For the world at large, 2020 is going down as the Year of the Pandemic. It’s the same for the licensing business. The coronavirus shut down retail, closed offices, shuttered large parts of the sports and entertainment businesses – touched everything. But as we move toward the holiday season, it’s apparent that 2020 is also the Year of Adaptation – for consumers, brand owners, manufacturers, agents, event and trade show organizers and, yes, trade organizations.

Think of it this way: before this year, nobody thought of cloth facecoverings as a licensing category, and the words “force majeure” were familiar only to attorneys. Work-from-home was an option for some, not a government-enforced imperative.

The change of circumstances forced everyone to rethink how they do business. At Licensing International, we increased the number of webinars we ‘ve staged and expanded their scope to include multiple formats – Virtual Roundtables, anybody? — work/life issues and professional skills, not just licensing-specific topics. The popular London-based Licensing Essentials Course morphed into an online version that drew participants from around the world. And the celebration of the Licensing International Excellence Awards turned into an online global mega-event. (Watch the video; it’s a hoot and shows off the industry’s Best and Brightest.)

And, of course, the industry was unable to gather in Las Vegas in May (Licensing Week Virtual was substituted), and October has been turned into a “Festival of Licensing.”

Trade shows around the globe have been either cancelled or are being restaged as virtual events. Some, such as the upcoming Frankfurt Buchmesse, are going to physical/virtual hybrids.

Retail, of course, has been knocked for a loop; several major chains – many of which had been struggling before the pandemic, have been pushed into bankruptcy and, in some cases, liquidation.

Merchants have extended the “holiday” shopping season this year to be longer than ever before. “There certainly will be a different rhythm to the shopping season,” said Target CEO Brian Cornell as summer was ending.

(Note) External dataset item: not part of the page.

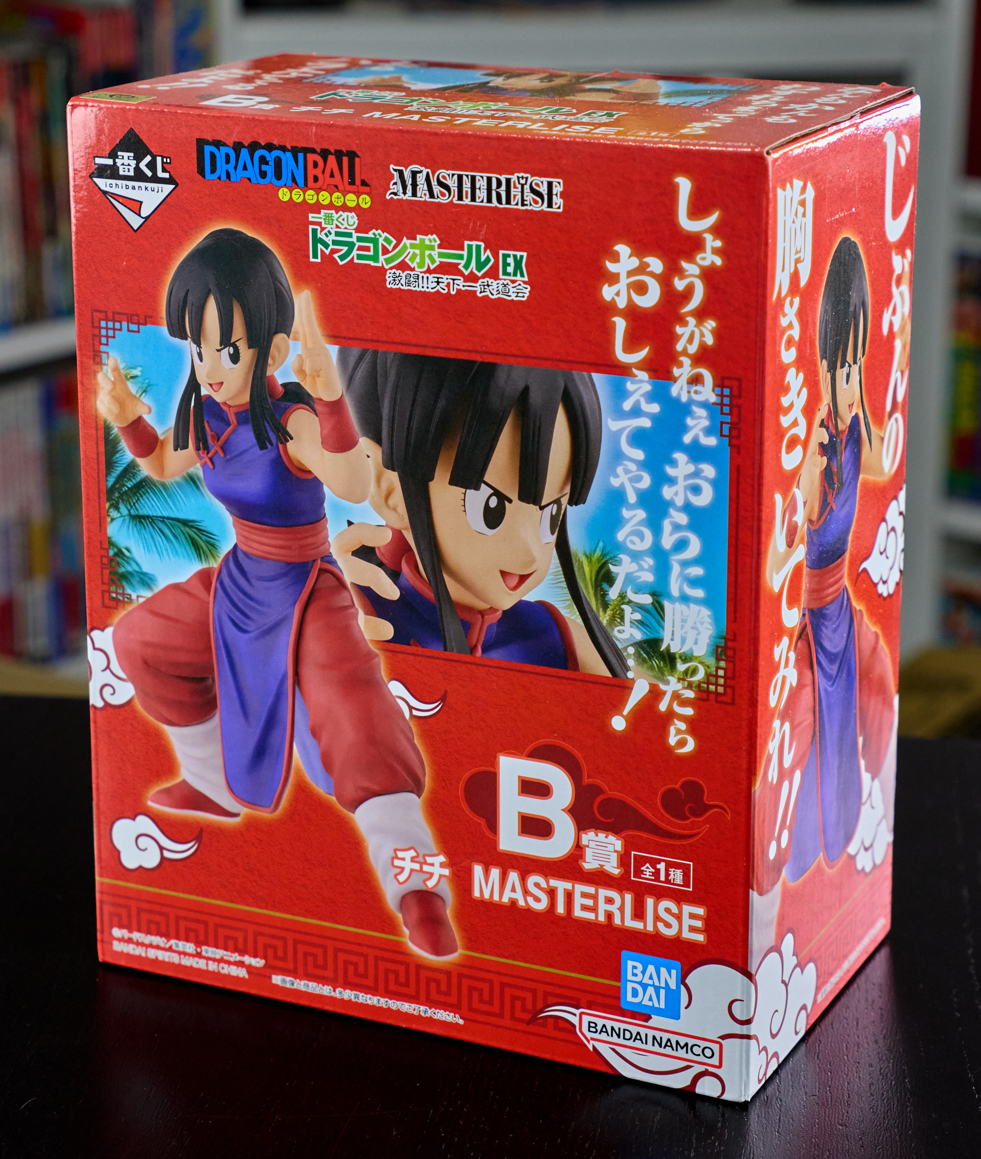 Lot de 5 figurines Ichiban Kuji en boîtes de la série "Budokai Tenkaichi" : Gokû ombrelle, Chichi, Annonceur, Ma Junior (Piccolo Daimaô), Gokû sans turban. Tout en très bon état.

It’s a change with major implications for licensors and manufacturers, and could affect the availability of certain products, as supply chain and shipping issues arise.

The concept of a Black Friday kickoff sounds almost quaint.  Many retailers are gearing up for an October holiday –Christmas, not Halloween! —  launch, kickstarted by the COVID-driven shift of Amazon’s Prime Day from a summer standalone to a new date in October.

British department store John Lewis opened its online Christmas shop on August 24. That’s 10 days earlier than last year, after it noted that searches for festive products had quadrupled from a year ago as consumers, after weeks of lockdown, have already started thinking about decorating their homes for the holidays.

Everyone is being forced to scramble, and the “partnership” between licensees and licensors is being tested as never before, with agreements renegotiated to acknowledge unforeseeable circumstances. Cinemas have reopened unevenly around the world and major films that had been scheduled for the summer have been re-scheduled (and re-re-scheduled), throwing film-based licensing programs into disarray. Sports were halted, and most resumed in empty stadiums, fraying the emotional ties that are at the heart of purchases of sports-licensed goods.

It has affected the licensing industry in ways large and small. The huge promotional platform known as the Macy’s Thanksgiving Day Parade will be staged as “a television broadcast-only production with staging for parade elements [i.e. balloons, floats and musical acts] focused solely in/around the Herald Square area of Midtown Manhattan.” The number of brands and characters that use the parade as a major marketing event could fill a good-sized hall at a virtual licensing show.

It’s been a tumultuous year – we’ve only mentioned a few factors —  but the licensing industry is a community of optimists. Here’s to a healthy holiday season, and a “New Normal” that offers new opportunities for success.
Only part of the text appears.